Camp Atwater is a summer camp on Shore Road in North Brookfield, Massachusetts. Originally named, St. John's Camp, it was established in 1921 by Dr. William N. DeBerry on the shores of Lake Lashaway. The camp gained the name "Atwater" when Mary Atwater donated $25,000 to Dr. DeBerry in 1926. They were funded to honor her late father who was Dr. David Fisher. Camp Atwater's mission was to provide a summer recreational experience for African-American boys, at a time when summer camps were generally racially segregated.

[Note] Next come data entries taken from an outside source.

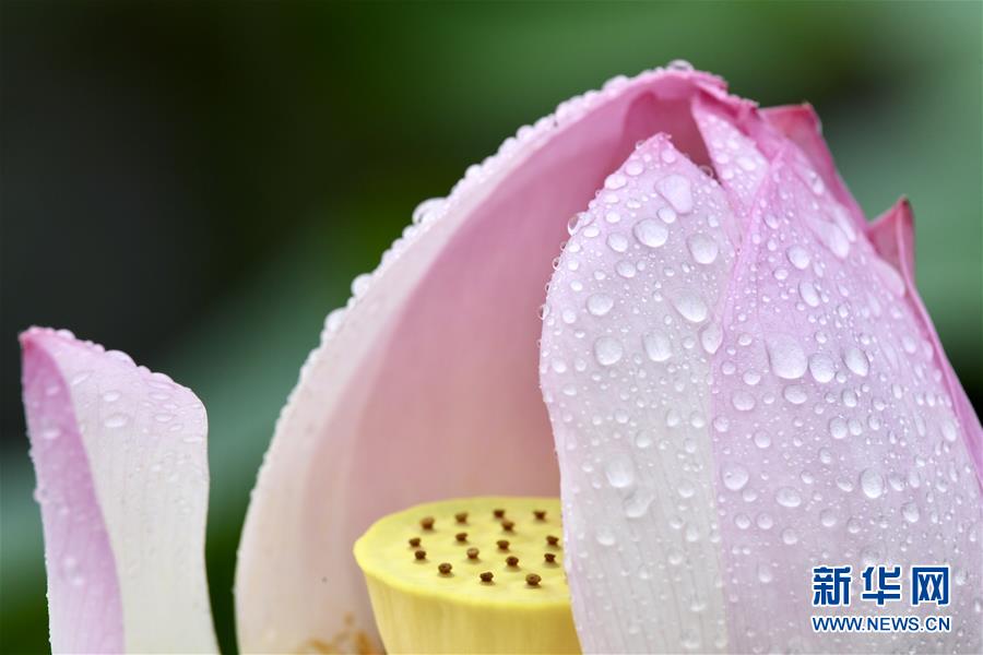 6月7日,一陣小雨過后,福州金山公園內(nèi)盛開的荷花愈加嬌艷欲滴。新華社記者姜克紅攝
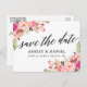 Modern Elegant Calligraphy, Watercolor Rosa Blommigt Bröllop spara datum Postcard
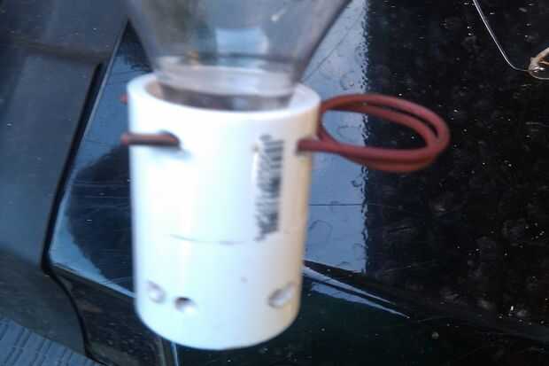 Como se puede ver en las fotos el pvc pipa era cortar en secciones y una forma de "T" con las dos conexiones y cemento de pvc mencionados anteriormente un extremo de la tapa y añade la cupling rápido para del compresser del aire en el otro extremo. Poner una botella de refresco vacía en el tubo que está arriba en el ángulo de 90 grados y haga una marca porque vas a tener que hacer una arboleda donde usted puede deslizar el anillo en o alrededor de. Luego, perfore dos agujeros de 1 pulgada de acoplamiento donde el percutor de alambre y mantener el labio superior de la botella. una vez que lo hace taladrar cuatro orificios en la parte inferior del mismo acoplamiento para los pernos. Si su perdida echa un vistazo a las fotos para obtener ayuda adicional. Coloque una cuerda o cadena para el percutor.
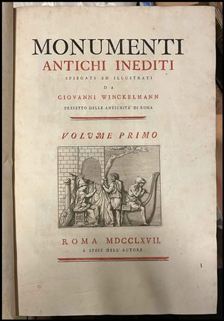 Lot 1 J.J. Winckelmann, "Monumenti antichi inediti spiegati ed illustrati da Giovanni Winckelmann prefetto delle antichità di Roma", 2 voll., Roma 1767.
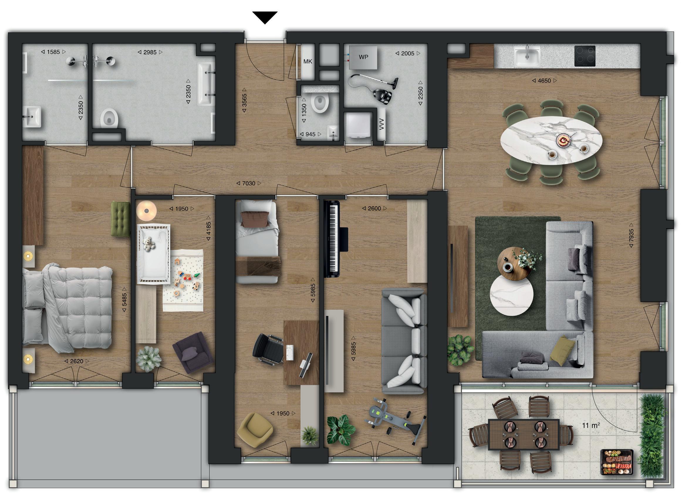 Dit is het grootste appartement van Woodstock, en dat voel je meteen. Type F is een vijfkamerhoekappartement met vier slaapkamers en een royale woonkamer met open keuken. Hier vind je alle ruimte voor een groot gezin, een thuiswerkopstelling, hobby’s en logees, of gewoon heel veel ademruimte.
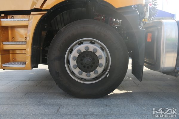 轮胎采用12R22.5规格轮胎,此类规格在重卡领域广泛使用的。
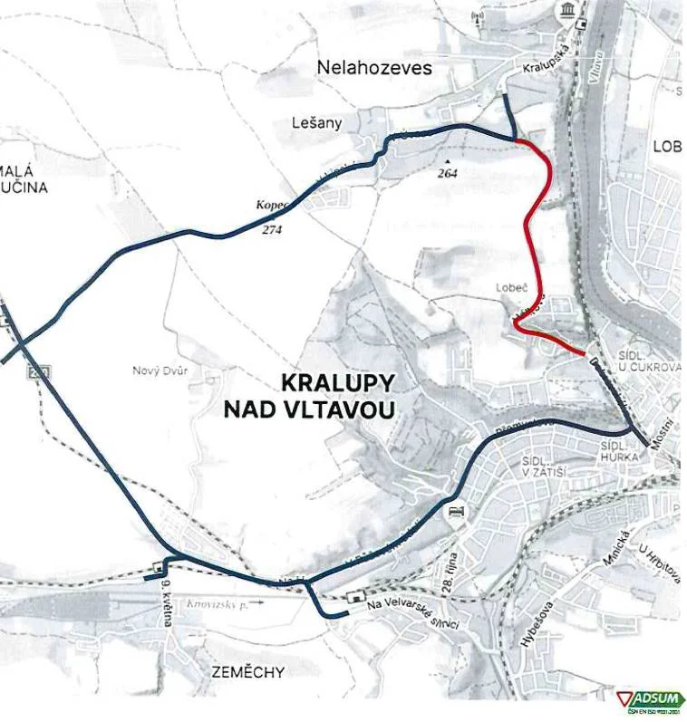 Rekonstrukce se týká úseku o délce 1,8 km, jenž bude veden od křižovatky Jeronýmovo náměstí – Hostivítova až po křižovatku u rozcestí Nelahozeves.
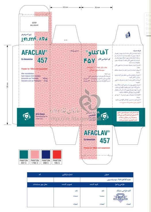 آفاکلاو پودر برای تهیه سوسپانسیون خوراکی 400 mg/57 mg/5 mL 100MILLILITER
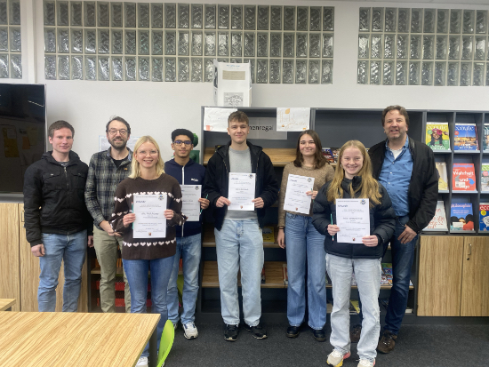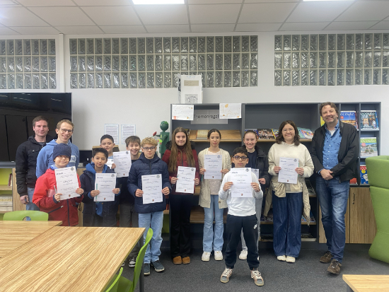 Heute fand die Siegerehrung der ersten Runde der Mathematik-Olympiade statt. Insgesamt gingen 30 Schülerinnen und Schüler der Jahrgangsstufen 5 bis 12 an den Start. 27 Teilnehmerinnen und Teilnehmer haben sich durch ihre herausragenden Ergebnisse für die zweite Runde qualifiziert.
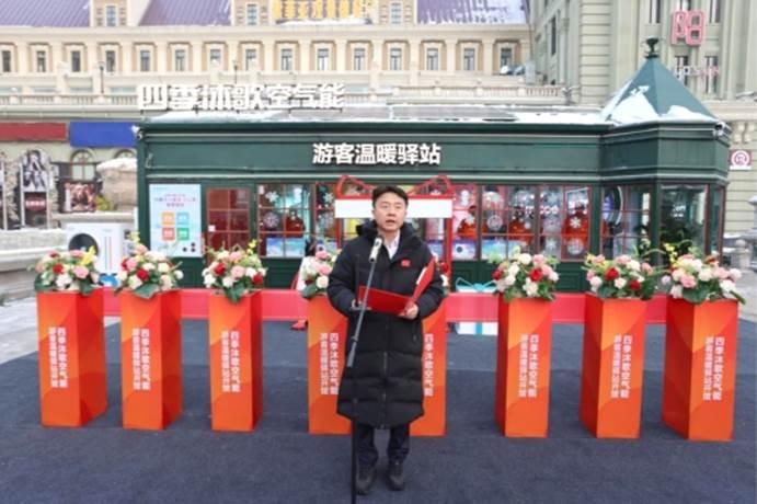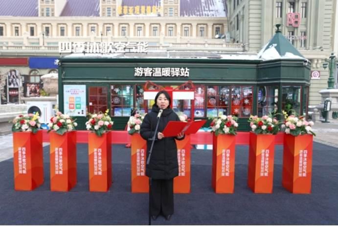 共青團(tuán)哈爾濱市委副書記徐翎致辭時(shí)指出,哈爾濱以“世界冰雪旅游卓越城市”之姿驚艷全球,這一火熱盛況背后,也讓四季沐歌集團(tuán)連續(xù)三年傾力打造游客溫暖驛站的堅(jiān)守與付出,收獲了高度肯定,企業(yè)以科技暖意驅(qū)散凜冬嚴(yán)寒、用清潔能源護(hù)航八方游客、以“雙碳”使命點(diǎn)亮城市溫度的責(zé)任擔(dān)當(dāng)更贏得社會(huì)廣泛贊許。她表示,團(tuán)市委將以游客溫暖驛站為紐帶,廣泛匯聚青春動(dòng)能和社會(huì)力量,為驛站建設(shè)添磚加瓦,也真誠(chéng)呼吁各界持續(xù)關(guān)注溫暖驛站發(fā)展、支持哈爾濱青年發(fā)展型城市建設(shè),攜手為冰城高質(zhì)量振興注入青春動(dòng)能。
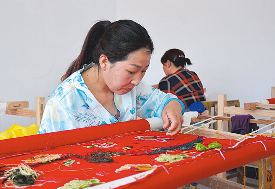 为了让满族非遗艺术重放光彩,我市通过寻找民间艺人、培训传承人等多种途径拯救濒临失传的满族绝艺。目前,我市已初步形成了14大类147项的国家、省、市三级非遗保护名录体系,丰富多彩的民族民间文化艺术重现昔日璀璨之光。图为学员正在围场绣工培训班上学习满绣。记者 李国强 摄
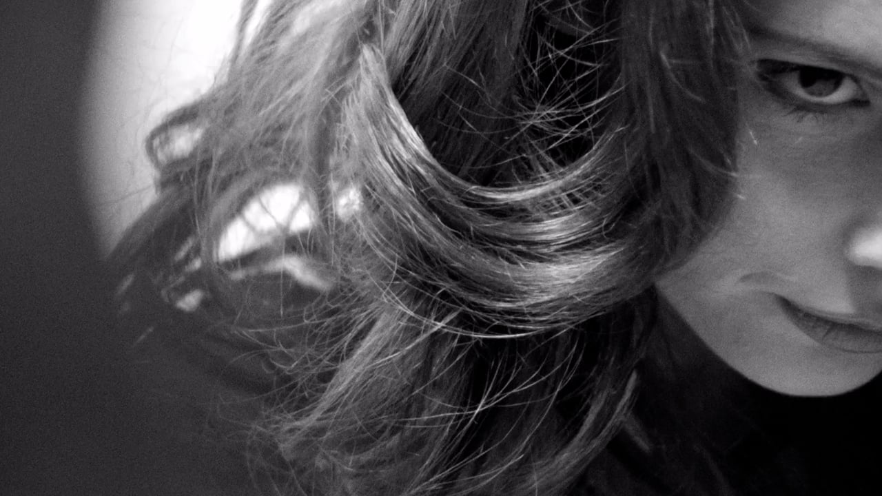 Description: A woman with long hair looking at the camera with a serious look on her face and shoulder.
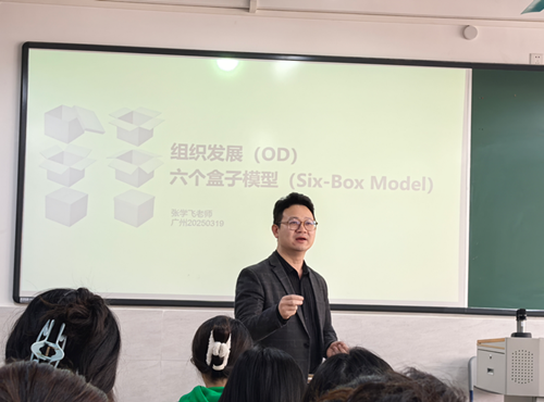 张学飞凭借其多年在企业工作及企业咨询领域的丰富经验,将理论与实际案例完美融合,为同学们带来了生动而富有深度的讲解。课堂上,张老师首先深入剖析了组织诊断模型六个盒子的内涵。他详细阐述了这六个盒子 —— 理念、结构、流程、人员、资源和氛围 —— 如何从不同维度全面诊断一个组织的运行状况。通过实际企业的案例分析,将抽象的理论具象化,让同学们能够轻松理解并掌握其应用方法,使同学们清晰地看到组织内部各要素之间的相互关系与作用,为后续的学习和实践奠定了坚实基础。

The camp catered primarily to middle- and upper-class African Americans, and drew attendees from up and down the Atlantic coast. Notable attendees include Coleman Young, Clifford Alexander, Jr., Clifton Wharton, Jr., Hazel O'Leary, Dennis Hightower, and Wayne Budd. The camp was listed on the National Register of Historic Places in 1982. It is now owned and operated by the Urban League of Springfield.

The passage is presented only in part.